Trends in predictive modeling
I talked with Teradata about a bunch of stuff yesterday, including this week’s announcements in in-database predictive modeling. The specific news was about partnerships with Fuzzy Logix and Revolution Analytics. But what I found more interesting was the surrounding discussion. In a nutshell:
- Teradata is finally seeing substantial interest in in-database modeling, rather than just in-database scoring (which has been important for years) and in-database data preparation (which is a lot like ELT — Extract/Load/transform).
- Teradata is seeing substantial interest in R.
- It seems as if similar groups of customers are interested in both parts of that, such as:
- Usual-suspect consumer marketing sectors (telecom, credit card, retail).*
- Semiconductor manufacturing.**
- Parallelized SAS modeling on Teradata seems to be limited by the small number of algorithms that are parallelized. (SAS scoring, I presume, is a different matter.)
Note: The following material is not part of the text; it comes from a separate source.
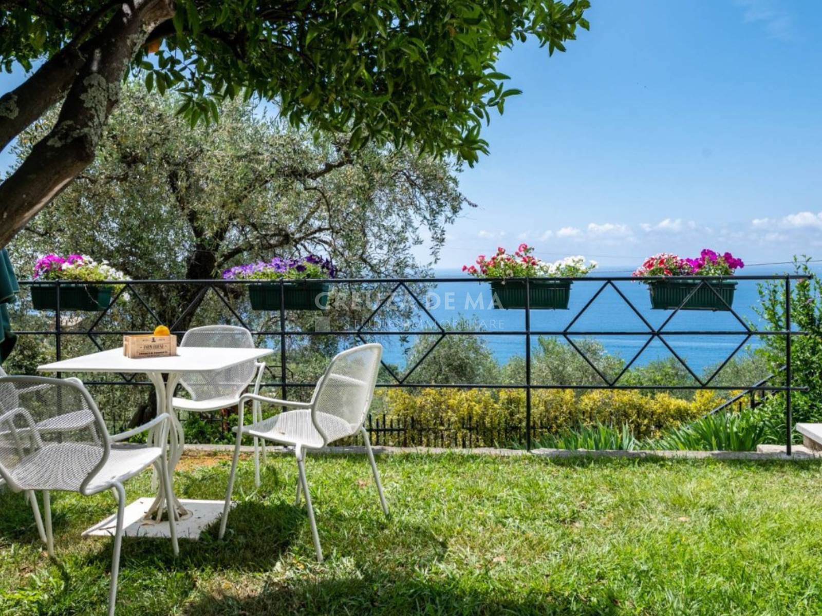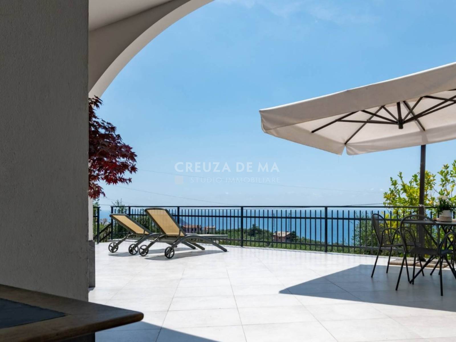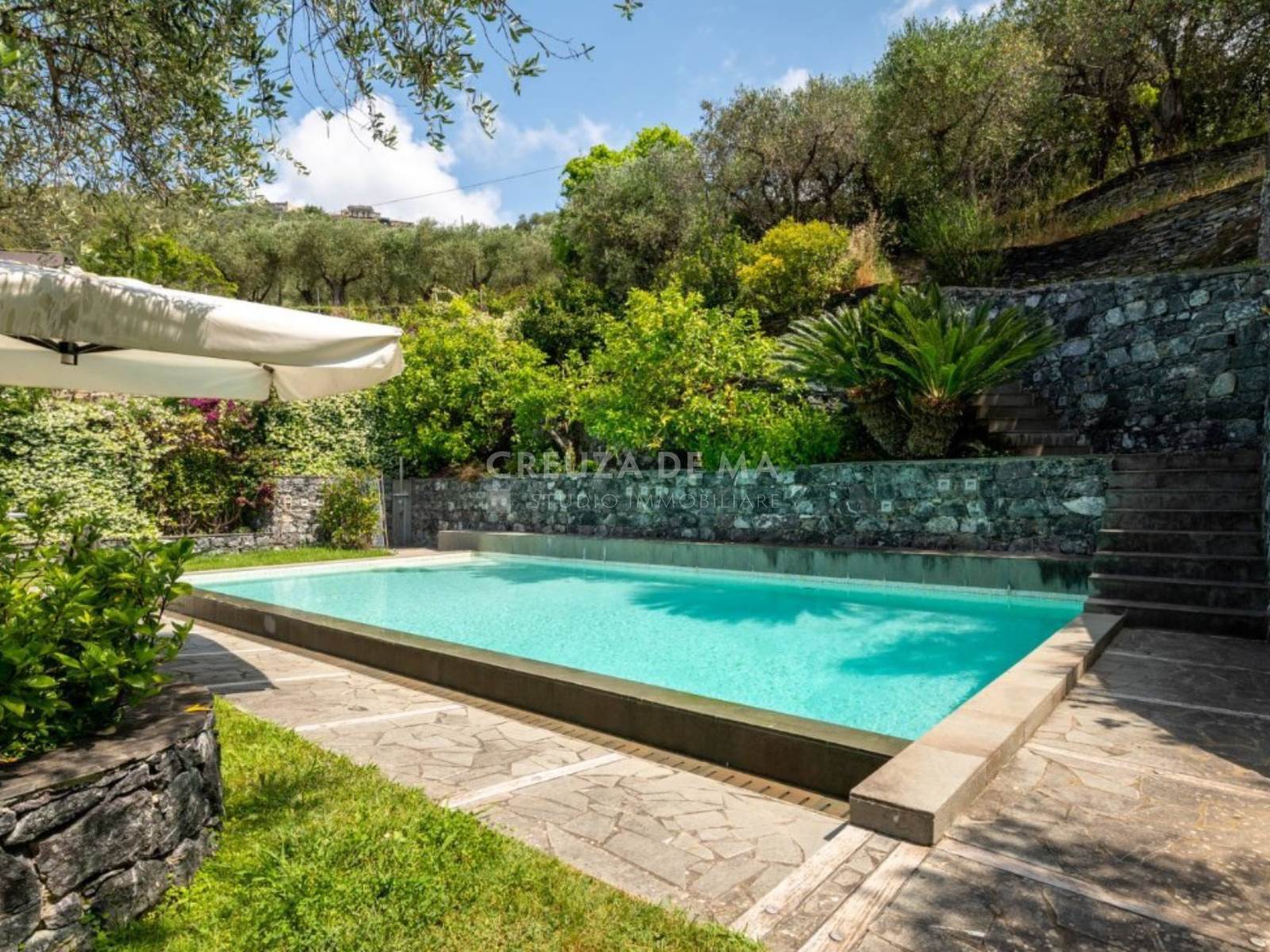 Il parco privato, curato nei minimi dettagli e in gran parte servito da irrigazione automatica, è arricchito da 140 ulivi, alberi da frutto e aree dedicate al relax, inclusi un forno a legna con barbecue, un patio e un ampio terrazzo panoramico ideale per la convivialità. Elemento distintivo della proprietà è la splendida piscina, incastonata tra ulivi e limoni, che vanta una vista mozzafiato sul mare.

This is the strongest statement of perceived demand for in-database modeling I’ve heard. (Compare Point #3 of my July predictive modeling post.) And fits with what I’ve been hearing about R.
*That’s very similar to the list of sectors for SAS HPA.
**To support their extremely high focus on product quality, semiconductor manufacturers have been using state-of-the-art analytic tools for at least 30 years.
In-database modeling is a performance feature, and performance can have several kinds of benefit, which may be summarized as “cheaper”, “better”, and “previously impractical”. My impression is that in-database modeling is pretty far toward the “previously impractical” end of the spectrum; enterprises don’t adopt a new way of predictive modeling until they want to create models that the old way can’t get done.
Basically, I think that models are increasingly:
- Richer and more diverse than before. (see for example Point #5 of my July predictive modeling post.)
- Developed in a more experimental and quickly-iterative way than before.
I think the first point pretty much implies the second, but the converse isn’t as clear; one can tweak old-style models in quick-turnaround fashion even more easily than one can develop the more complex newer styles.
And finally: I’m not hearing that modeling — even when it’s parallel and in-database fast — is commonly done on a complete many-terabyte dataset. It’s not a question I always remember to ask; for example, I didn’t bring it up with Teradata. But when I do, I rarely hear of models being trained on more than a few terabytes of data each.
Comments
One Response to “Trends in predictive modeling”
Leave a Reply
There are many benefits to modeling in-database, not the least of which is the elimination of data movement. Even if one builds models on “only” a few terabytes, the effort to move that data adds serious latency to the analytic cycle time. Moreover, there are very few server-based analytic products that can work with terabyte-sized data sets, so analysts working outside of a database typically work with sets of 100GB or less.
SAS HPA has failed to gain acceptance, but not because it has a limited number of algorithms. The reasons this product has failed are (1) SAS has priced the product out of the market; (2) the product architecture restricts deployment choices; and (3) the product’s software engineering makes high demands on infrastructure leading to exploding TCO. HPA runs “in the appliance” and not “in the database”, so it requires specially constructed platforms that bulk up the memory and reduce storage. In the case of Teradata, SAS HPA runs only on the dedicated 720 appliance, and not on other members of the Teradata family.
SAS’ more recent attempts to deploy HPA into Hadoop in a “run beside on the node” approach have also predictably run into roadblocks, since HPA cannot run on the typical commodity node servers that Hadoop customers use.
SAS scoring is also limited to those algorithms supported by the SAS Scoring Accelerator or the SAS Analytics Accelerator, a subset of SAS analytic capabilities. Since both of these products have limitations of their own (and also require substantial additional licensing fees), and since SAS/STAT does not export PMML, many SAS customers simply rebuild the scoring code in SQL, C, Java, R or Python.
Revolution R Enterprise, on the other hand, will run on any instance of Teradata 14.10, in any Teradata appliance. And any R code developed anywhere, on any platform, will run in Teradata in Revolution R.